20 January 2010

Short's Mystery Oatmeal Stout

Short's Mystery Oatmeal Stout (bottle)
Elk Rapids, MI
12.5% ABV

So the time has come to attempt again that failure of a beer review that I had earlier with Short's Mystery Stout. Twelve and a half percent ABV, got it. Ready and willing to drink the beer with that in mind, and I've let it warm for awhile before popping the cap.

Pours dark black, completely opaque, with a thin brown head that dissipates pretty quickly. Considering the alcohol, I'm surprised it had any head at all. High marks there. Smells of toffee, chocolate, hints of coffee. Very dry aromatics, lots of chocolate malt. Some sweetness like chocolate-covered cherries, with just a hint of the alcohol that is to come.

The flavor? Well, holy fuck, first of all there's the alcohol. Even knowing what a bomb this thing was going to be, the Mystery Stout is just really, really hot. Strong alcoholic phenols are present in the front, middle, and finish of this beer. Everything else works in conjunction with that basic fact. Peering with my tastebuds (can tastebuds peer? Probably not.) beneath the astringency I get a nice dry flavor, lots of oats and a great deal of that chocolate malt.

Drinking through this glass, I'm amazed mostly at the technical abilities of Joe Short and his brewery team. Just getting a beer to 12.5% ABV is difficult, much less one with this kind of smoothness and drinkability -- the alcohol is present but never cloying, the dryness is dominant but balanced with a malty sweetness. This was obviously a very difficult beer to brew, and just getting it into my glass is an achievement worth honoring.

But is it good? This isn't on the same scale as something like Dark Lord or World Wide Stout, which have similarly insane alcohol but balance that with an overabundance of malt which create a thick-bodied experience of a beer. This doesn't have that kind of complexity: the main feature of this beer is the alcoholic phenols, with the malty dryness and the relatively-thin body making this "drinkable" and "accessible" in the way that a macro-drinker would think of those terms.
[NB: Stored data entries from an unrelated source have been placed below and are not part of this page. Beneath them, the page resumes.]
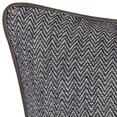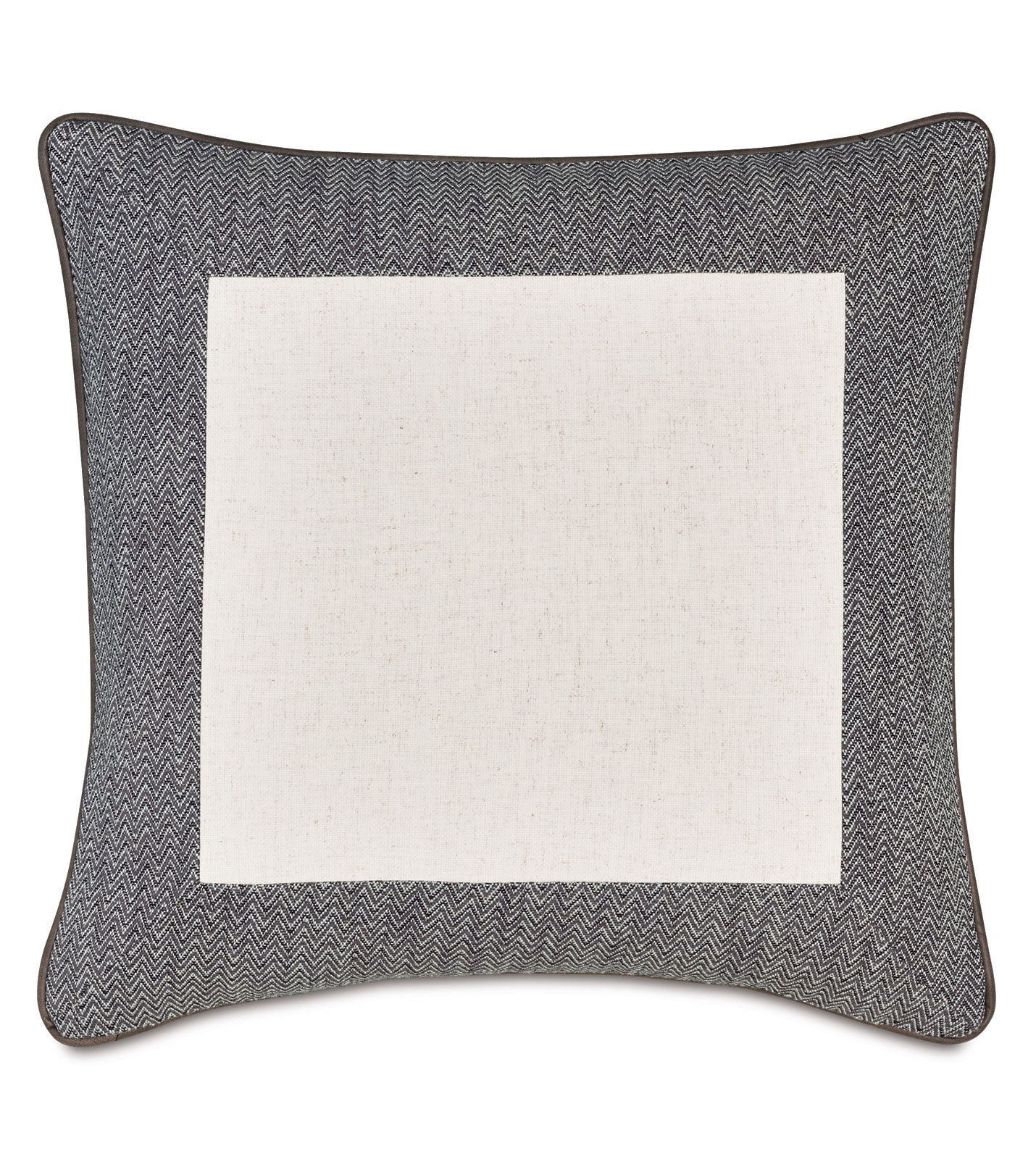 - Solid textured decorative pillow framed with a woven, herringbone fabric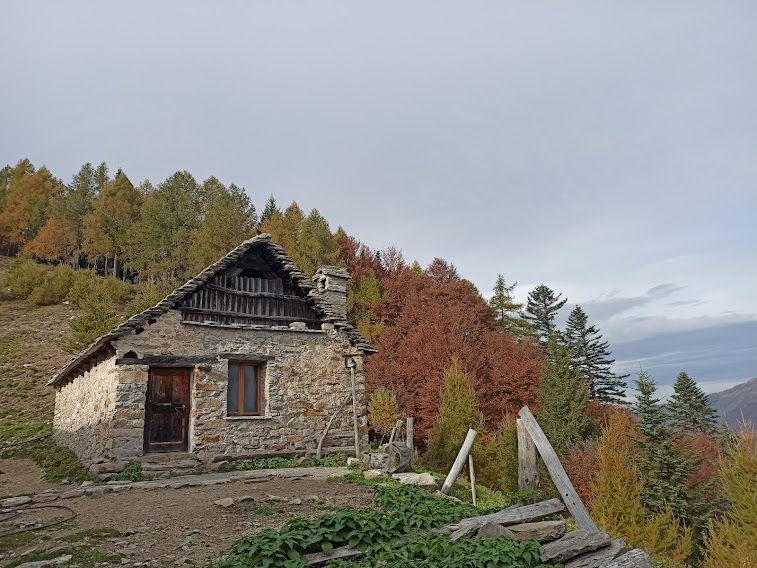 Il tempo incerto previsto nel pomeriggio ci ha indotti a scegliere un’escursione abbastanza breve. Parcheggiamo un’auto in zona pineta a Santa Maria Maggiore, dove i parcheggi “ufficiali” sembra siano a pagamento anche in un nuvoloso giorno infrasettimanale di ottobre inoltrato.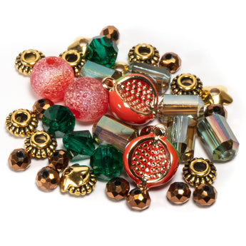 Celebrate the richness of nature with this pomegranate fruit-themed bead mix, featuring elegant Brass Enamel Pomegranate Charms, deep green faceted glass, dark AB crystal glass, and antique gold-plated metal spacers. Opaque brown mini faceted glass beads, glitter faux pearls, and antique gold bead caps complete this sophisticated set, perfect for adding a touch of opulence to your jewelry designs. Largest piece in mix measures 11.5mm x 10mm x 6mm. Smallest piece in mix measures 4mm. Bead hole sizes range from 1mm to 2mm.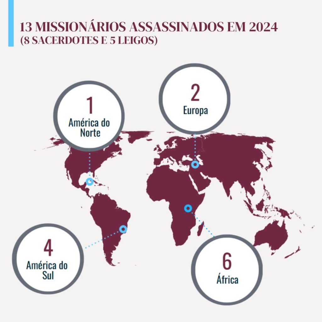 Em 2024, segundo dados verificados pela Agência Fides, foram assassinados 13 “missionários” católicos em todo o mundo, entre os quais oito sacerdotes e cinco leigos. Mais uma vez, a África e a América lideram este trágico recorde, com cinco vítimas em cada continente. Nos últimos anos, as duas regiões têm-se alternado no topo desta dolorosa estatística.
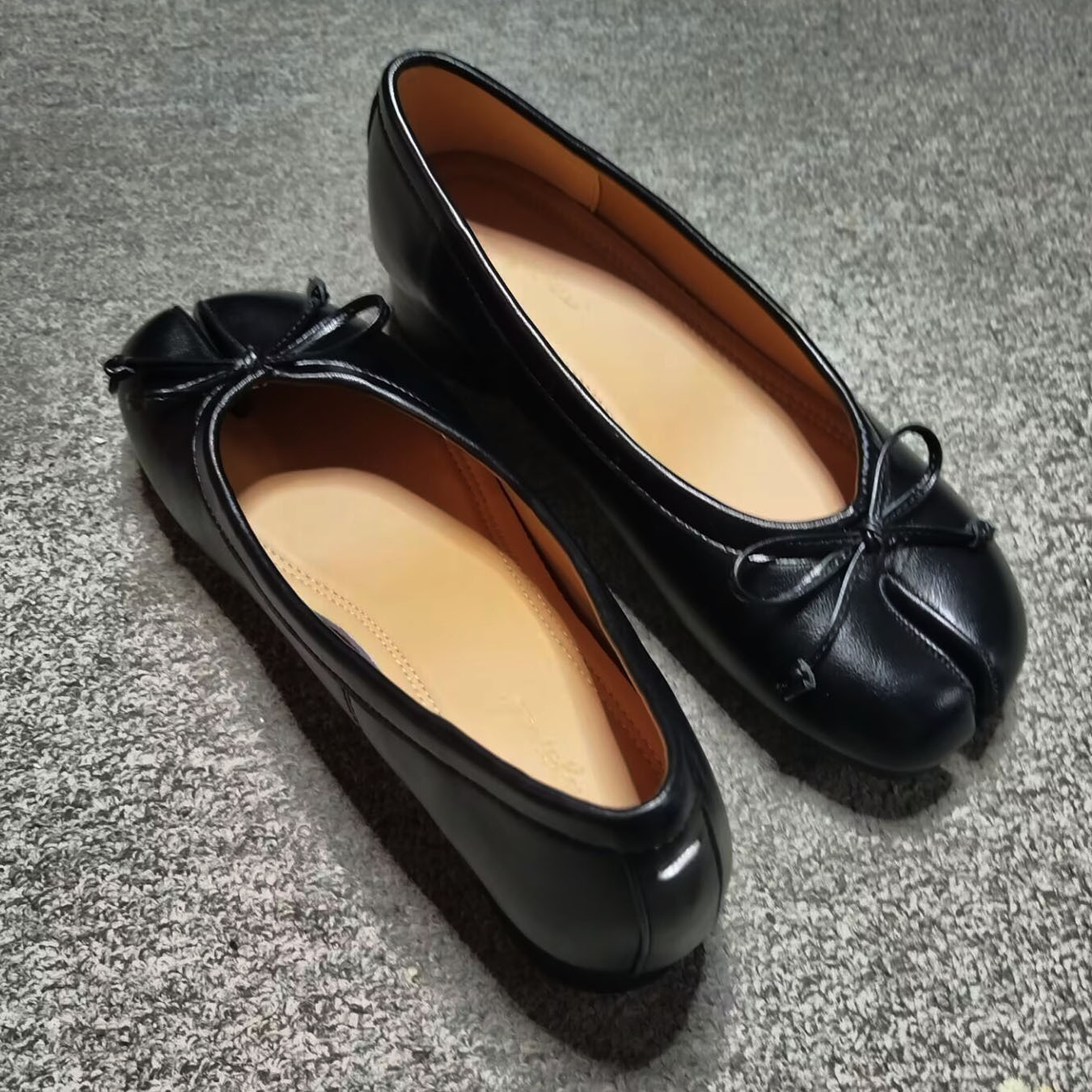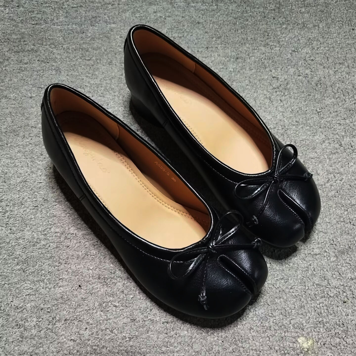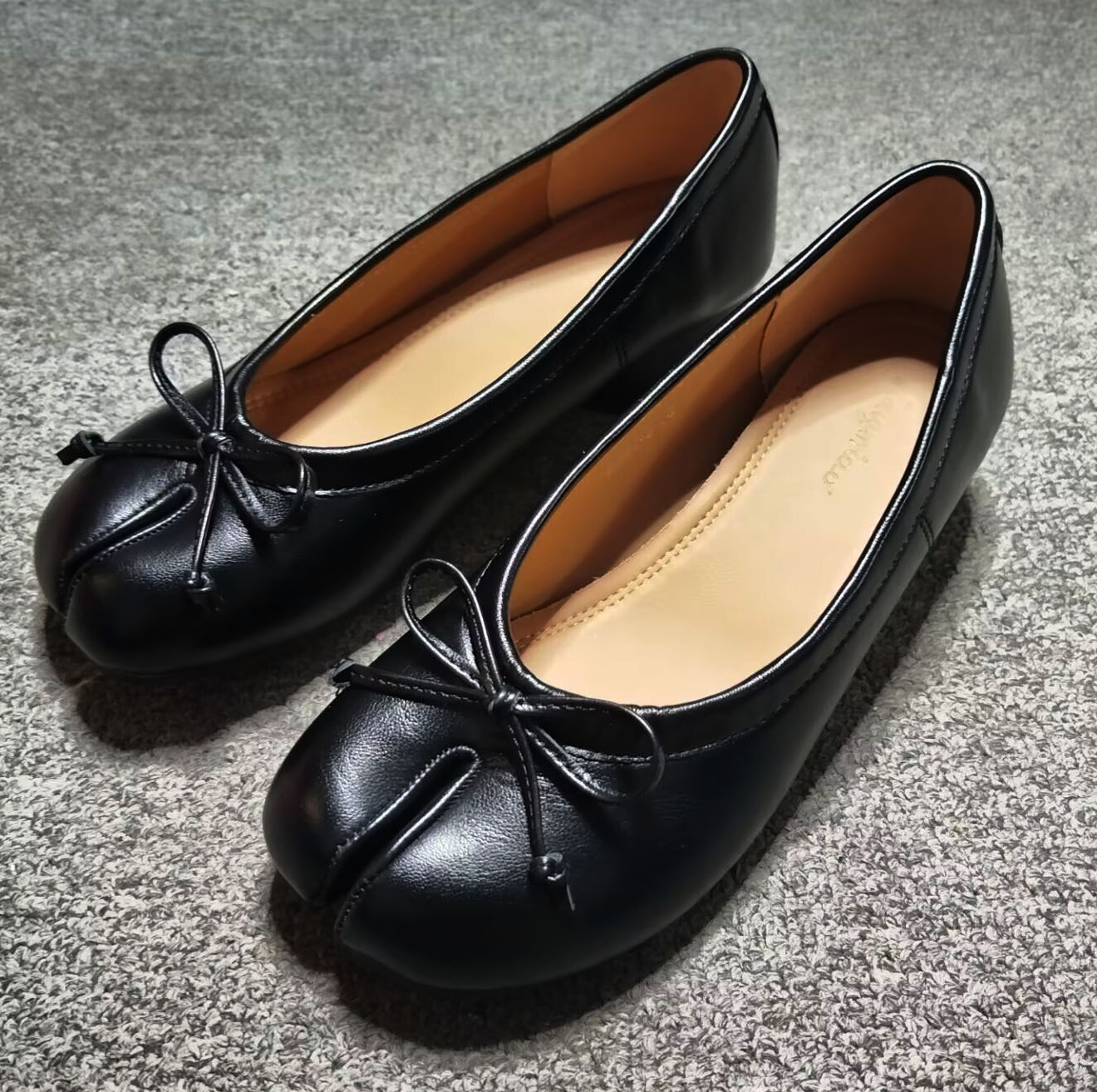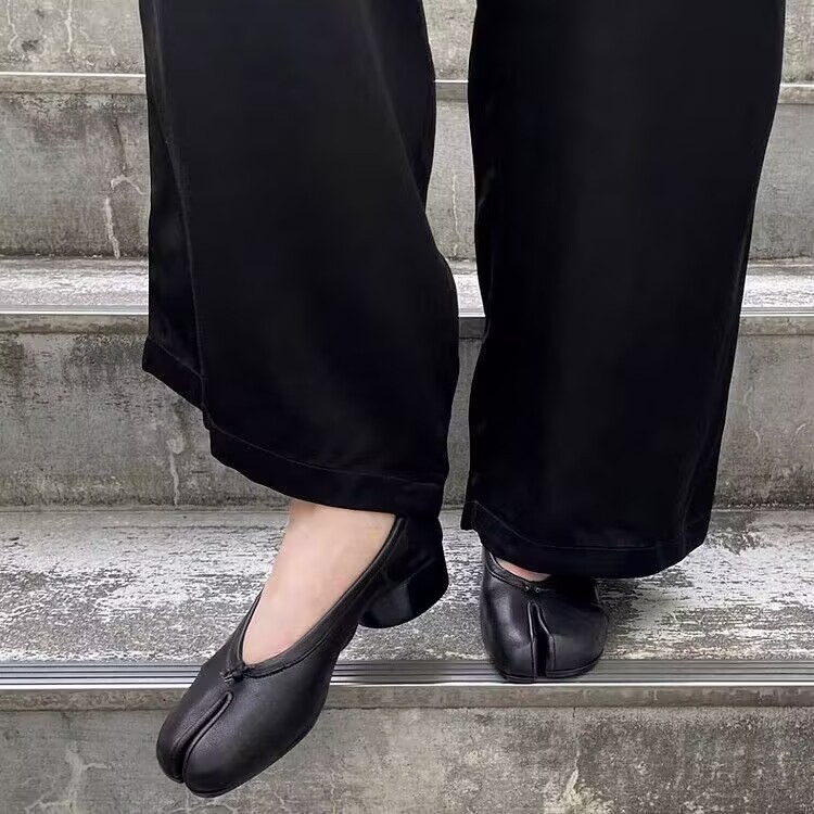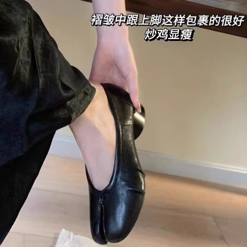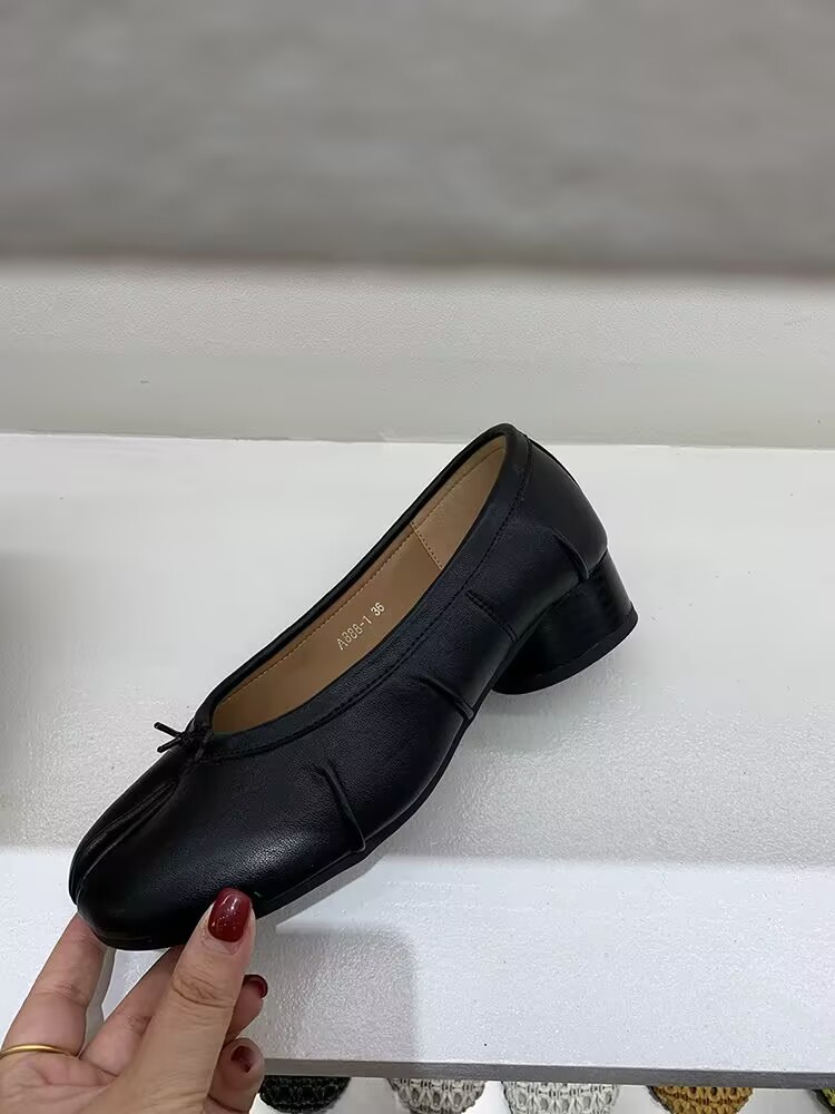 여성용 스플릿 토 슈즈 2025 새로운 스타일 다용도 복고풍 패션 말굽 돼지발톱 신발 얕은 굽 중간 굽 나비 매듭 신발스토어 가기

Which isn't at all a negative, as Short's Mystery Stout is one super-high-gravity beer that you could actually hand to someone whose only experience of beer was macro stuff and expect them to be able to choke it down.

I find myself having complex emotions about this beer. I don't know if, in my heart of hearts, I find this beer to be a bit too one-note, too astringent, too over-the-top without having the kind of complexity that makes those flaws virtues. But on the other hand, I enjoy drinking this, and find it smooth and clean for the most part. Do I enjoy this beer more than I admire it, or do I admire it more than I enjoy it? Certainly a multidimensional kind of thought process, one that I'll definitely be examining more as I drink more beers of this kind.

I may end up buying a six-pack of these and aging them for a hell of a long time. Like, drinking one a year until they're gone.

My overall BA rating: 4.4/5

(My score is my score, numbers picked because I needed to put something down to post the review. But the words in this case are far more important than the numbers. Take that as you will.)